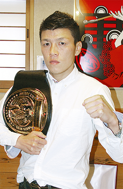 昨年12月8日、後楽園ホールで行われたタイトルマッチで瀬戸口勝也選手(同級1位・横須賀太賀)を相手に5ラウンド判定勝ちを収め、同選手が持つベルトの3度目の防衛を果たした。瀬戸口選手と3回目の対戦となった内田選手は、「重要な試合。戦略を練って、イメージ通り戦うことができた。相手のパンチを封じ込めれば必ず勝てると思って試合に臨んだ」と僅差での勝利を振り返る。勝った瞬間は、「試合では地元から毎回マイクロバス2台で60〜70人の大応援団が来るので、勝ってほっとしました。(功労賞を受賞しても)やったという気持ちと、まだまだ向上していかなければいけない気持ちの半分半分」と神妙な面持ちで話した。「強くなりたい。うまくなりたい」との一心でやってきた内田選手。肉体と精神とのバランスがうまくかみ合っていかないとリングに上がったときに良い動きができず、日々の体重管理と精神面のコンディション管理を怠らない。「スランプも調子の良い時期もあった。山あり谷あり。だから今がある。さらなる頂点を目指します」と抱負を話した。
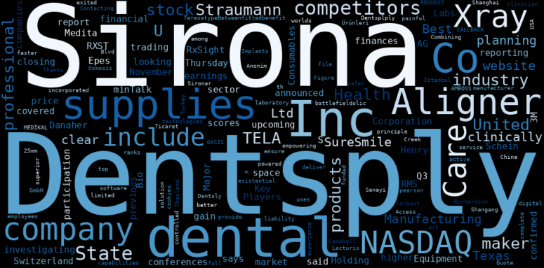 How much time have you spent trying to decide whether investing in Dentsply Sirona? Many investors start with the dream of being free. They expect to find on the stock market an option to have time to develop their own interests and hobbies. That is, a way to escape a 9 to 5 job. However, investment is complex and investors end up spending whole days (and nights) trying to figure out which the right stock to invest is. The dream of stock investing becomes the nightmare of facing infinity amounts of information. As a solution, we programmed an artificial intelligence that reads the whole internet and the uses natural language processing and vectorizers to summarize the information. Usually, the AI reads several hundred pages and summarize it to a short document. This document presents our results. We found that the most common words in the internet about Dentsply Sirona are: …
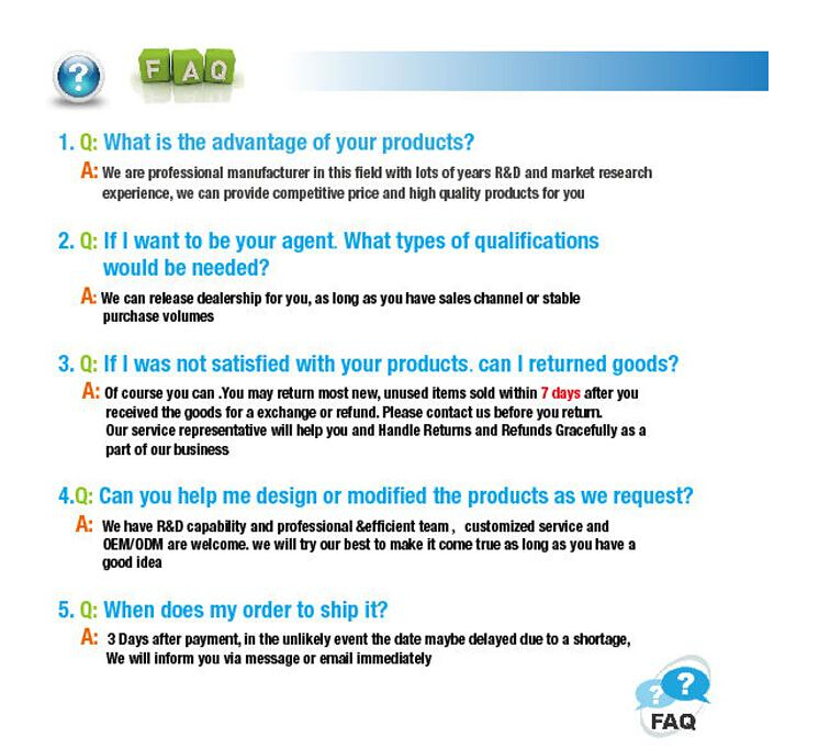 4) Delivery Time: We will ship the goods within 7 days after receiving payment.
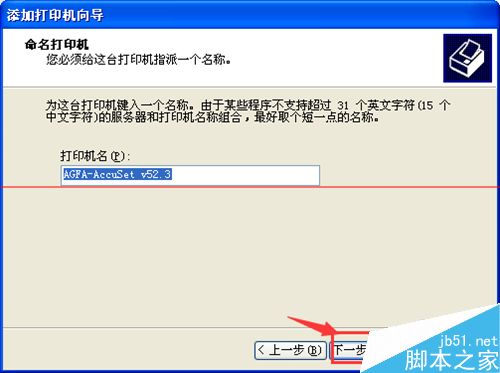 6、打印机名可任意修改,也可保持不变,点击“下一步”。
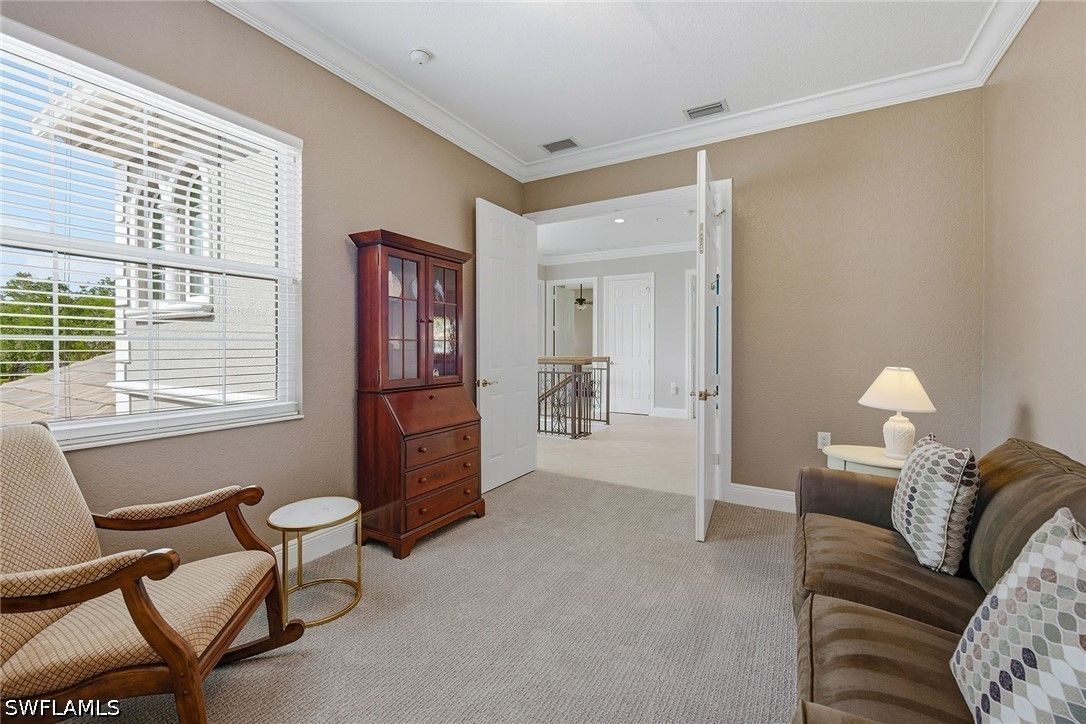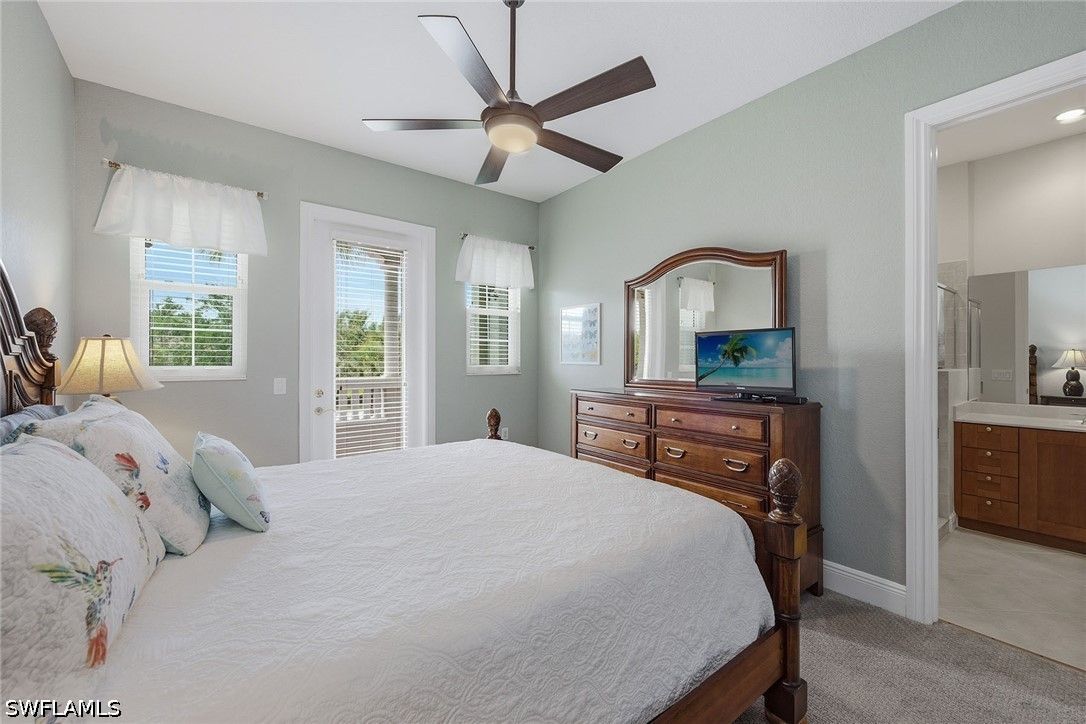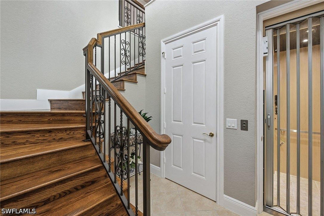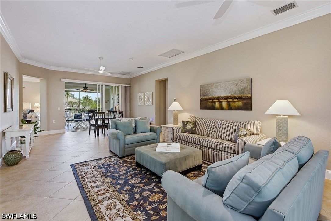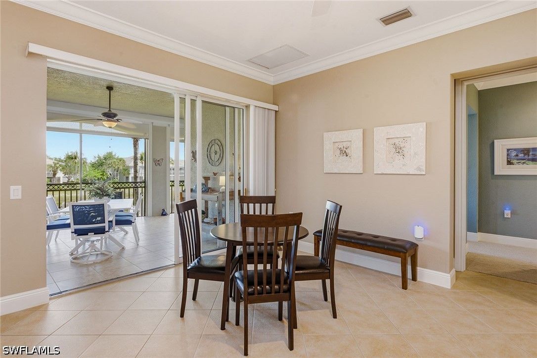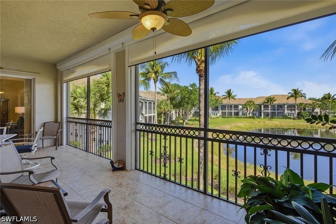 Enjoy tranquil lake views and an abundance of natural light from this beautifully appointed two-story residence in the sought-after Verenna enclave of Fiddler’s Creek. Designed to capture the beauty of its serene setting, this spacious home offers three bedrooms plus a den, three full baths, a private elevator, and a two-car garage, blending comfort, privacy and refined Florida living. An expansive screened and covered balcony creates an ideal outdoor retreat, complete with ceiling fans for year-round enjoyment and peaceful water vistas. Storm protection is thoughtfully integrated with electric and manual shutters, offering added peace of mind. Inside, a harmonious combination of tile flooring in the main living areas and soft carpet in the bedrooms enhances style and comfort. The formal dining room provides an elegant setting for entertaining, while the bright living room features tile flooring, a ceiling fan and glass sliders that open seamlessly to the balcony, filling the space with natural light. A separate family room with tile flooring and a ceiling fan offers additional space for relaxation or gathering. The kitchen is functional and inviting, showcasing recessed lighting, custom cabinetry, a breakfast bar counter and a charming eat-in area. A full appliance package includes a microwave, electric range, dishwasher, and refrigerator with freezer and icemaker, making it ideal for everyday living and hosting. The primary suite is a private haven with sliding doors to the balcony, a ceiling fan and plush carpet flooring. The en-suite bath is thoughtfully designed with a separate soaking tub, enclosed walk-in glass shower, dual sinks with custom mirrors, an enclosed toilet and dual walk-in closets. One guest bedroom offers its retreat with carpet flooring, a closet, private balcony access through glass doors, and an en-suite bath with a glass walk-in shower. The second guest bedroom features a closet, ceiling fan and carpet flooring, with access to a full Jack-and-Jill bath connecting to the dining area, complete with a shower/tub combination. Additional highlights include a well-equipped laundry room with washer and dryer, laundry tub, and extra custom cabinetry for ample storage. Residents enjoy access to exceptional amenities within the 54,000-square-foot club and spa, including poolside and fine dining, a state-of-the-art fitness center with personal training and classes, resort-style pools with waterfalls and slides, full-service spa, sauna, steam room, and active tennis, pickleball and bocce programs, along with a vibrant social calendar. Optional memberships are available for beach and marina access as well as a newly renovated golf course and spectacular clubhouse. Ideally near Marco Island and Naples, this fully furnished residence presents an exceptional opportunity to enjoy a luxurious, move-in-ready lifestyle in one of Southwest Florida’s premier gated communities.
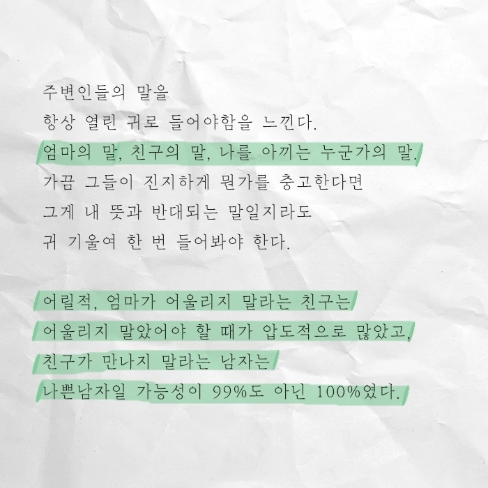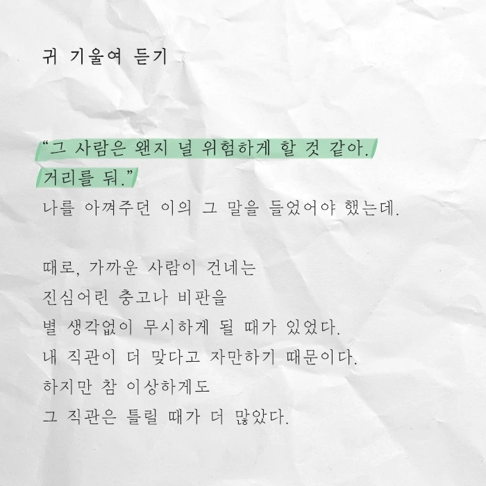 날 아껴주는 사람들의 말을, 귀 기울여 듣자

__What you have to do__
Please reproduce each line of the listing above exactly, skipping pictures.

__Response to the exercise__
 昨年12月8日、後楽園ホールで行われたタイトルマッチで瀬戸口勝也選手(同級1位・横須賀太賀)を相手に5ラウンド判定勝ちを収め、同選手が持つベルトの3度目の防衛を果たした。瀬戸口選手と3回目の対戦となった内田選手は、「重要な試合。戦略を練って、イメージ通り戦うことができた。相手のパンチを封じ込めれば必ず勝てると思って試合に臨んだ」と僅差での勝利を振り返る。勝った瞬間は、「試合では地元から毎回マイクロバス2台で60〜70人の大応援団が来るので、勝ってほっとしました。(功労賞を受賞しても)やったという気持ちと、まだまだ向上していかなければいけない気持ちの半分半分」と神妙な面持ちで話した。「強くなりたい。うまくなりたい」との一心でやってきた内田選手。肉体と精神とのバランスがうまくかみ合っていかないとリングに上がったときに良い動きができず、日々の体重管理と精神面のコンディション管理を怠らない。「スランプも調子の良い時期もあった。山あり谷あり。だから今がある。さらなる頂点を目指します」と抱負を話した。
 How much time have you spent trying to decide whether investing in Dentsply Sirona? Many investors start with the dream of being free. They expect to find on the stock market an option to have time to develop their own interests and hobbies. That is, a way to escape a 9 to 5 job. However, investment is complex and investors end up spending whole days (and nights) trying to figure out which the right stock to invest is. The dream of stock investing becomes the nightmare of facing infinity amounts of information. As a solution, we programmed an artificial intelligence that reads the whole internet and the uses natural language processing and vectorizers to summarize the information. Usually, the AI reads several hundred pages and summarize it to a short document. This document presents our results. We found that the most common words in the internet about Dentsply Sirona are: …
 4) Delivery Time: We will ship the goods within 7 days after receiving payment.
 6、打印机名可任意修改,也可保持不变,点击“下一步”。
 Enjoy tranquil lake views and an abundance of natural light from this beautifully appointed two-story residence in the sought-after Verenna enclave of Fiddler’s Creek. Designed to capture the beauty of its serene setting, this spacious home offers three bedrooms plus a den, three full baths, a private elevator, and a two-car garage, blending comfort, privacy and refined Florida living. An expansive screened and covered balcony creates an ideal outdoor retreat, complete with ceiling fans for year-round enjoyment and peaceful water vistas. Storm protection is thoughtfully integrated with electric and manual shutters, offering added peace of mind. Inside, a harmonious combination of tile flooring in the main living areas and soft carpet in the bedrooms enhances style and comfort. The formal dining room provides an elegant setting for entertaining, while the bright living room features tile flooring, a ceiling fan and glass sliders that open seamlessly to the balcony, filling the space with natural light. A separate family room with tile flooring and a ceiling fan offers additional space for relaxation or gathering. The kitchen is functional and inviting, showcasing recessed lighting, custom cabinetry, a breakfast bar counter and a charming eat-in area. A full appliance package includes a microwave, electric range, dishwasher, and refrigerator with freezer and icemaker, making it ideal for everyday living and hosting. The primary suite is a private haven with sliding doors to the balcony, a ceiling fan and plush carpet flooring. The en-suite bath is thoughtfully designed with a separate soaking tub, enclosed walk-in glass shower, dual sinks with custom mirrors, an enclosed toilet and dual walk-in closets. One guest bedroom offers its retreat with carpet flooring, a closet, private balcony access through glass doors, and an en-suite bath with a glass walk-in shower. The second guest bedroom features a closet, ceiling fan and carpet flooring, with access to a full Jack-and-Jill bath connecting to the dining area, complete with a shower/tub combination. Additional highlights include a well-equipped laundry room with washer and dryer, laundry tub, and extra custom cabinetry for ample storage. Residents enjoy access to exceptional amenities within the 54,000-square-foot club and spa, including poolside and fine dining, a state-of-the-art fitness center with personal training and classes, resort-style pools with waterfalls and slides, full-service spa, sauna, steam room, and active tennis, pickleball and bocce programs, along with a vibrant social calendar. Optional memberships are available for beach and marina access as well as a newly renovated golf course and spectacular clubhouse. Ideally near Marco Island and Naples, this fully furnished residence presents an exceptional opportunity to enjoy a luxurious, move-in-ready lifestyle in one of Southwest Florida’s premier gated communities.
 날 아껴주는 사람들의 말을, 귀 기울여 듣자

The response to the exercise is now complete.